Go through the listing below and output exactly the line with "925 Sterling Silver", the line with "凍りついた野芝の中から、なん", and each line between; omit the rest.

Data for processing
══════

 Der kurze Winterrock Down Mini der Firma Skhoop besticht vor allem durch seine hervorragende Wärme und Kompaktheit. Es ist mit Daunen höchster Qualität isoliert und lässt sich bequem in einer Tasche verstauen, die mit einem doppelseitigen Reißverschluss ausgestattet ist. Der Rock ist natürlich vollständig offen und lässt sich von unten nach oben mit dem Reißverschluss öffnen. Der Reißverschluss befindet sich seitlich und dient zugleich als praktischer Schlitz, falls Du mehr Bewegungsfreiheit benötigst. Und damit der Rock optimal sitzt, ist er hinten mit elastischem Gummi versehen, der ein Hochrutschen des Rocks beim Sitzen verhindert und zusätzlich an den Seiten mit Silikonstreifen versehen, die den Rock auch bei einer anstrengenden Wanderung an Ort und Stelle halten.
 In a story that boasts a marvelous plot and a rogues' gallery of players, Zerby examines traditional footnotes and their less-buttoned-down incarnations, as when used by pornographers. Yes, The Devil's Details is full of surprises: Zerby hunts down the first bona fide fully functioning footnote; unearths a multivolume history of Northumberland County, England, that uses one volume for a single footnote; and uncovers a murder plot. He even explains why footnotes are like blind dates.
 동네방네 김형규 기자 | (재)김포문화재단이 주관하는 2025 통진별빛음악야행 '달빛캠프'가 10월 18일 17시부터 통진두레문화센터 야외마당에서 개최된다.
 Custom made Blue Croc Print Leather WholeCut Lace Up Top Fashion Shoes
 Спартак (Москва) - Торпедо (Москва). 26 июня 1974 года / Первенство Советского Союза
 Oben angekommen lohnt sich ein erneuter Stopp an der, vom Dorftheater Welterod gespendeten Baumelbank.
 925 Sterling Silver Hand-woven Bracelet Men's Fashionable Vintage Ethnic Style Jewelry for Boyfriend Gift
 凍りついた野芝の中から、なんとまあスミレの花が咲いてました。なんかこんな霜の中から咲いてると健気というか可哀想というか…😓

══════

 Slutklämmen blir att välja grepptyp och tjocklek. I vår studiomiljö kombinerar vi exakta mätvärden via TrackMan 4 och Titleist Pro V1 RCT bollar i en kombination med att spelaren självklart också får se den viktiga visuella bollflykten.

══════

Answer to this exercise
 925 Sterling Silver Hand-woven Bracelet Men's Fashionable Vintage Ethnic Style Jewelry for Boyfriend Gift
 凍りついた野芝の中から、なんとまあスミレの花が咲いてました。なんかこんな霜の中から咲いてると健気というか可哀想というか…😓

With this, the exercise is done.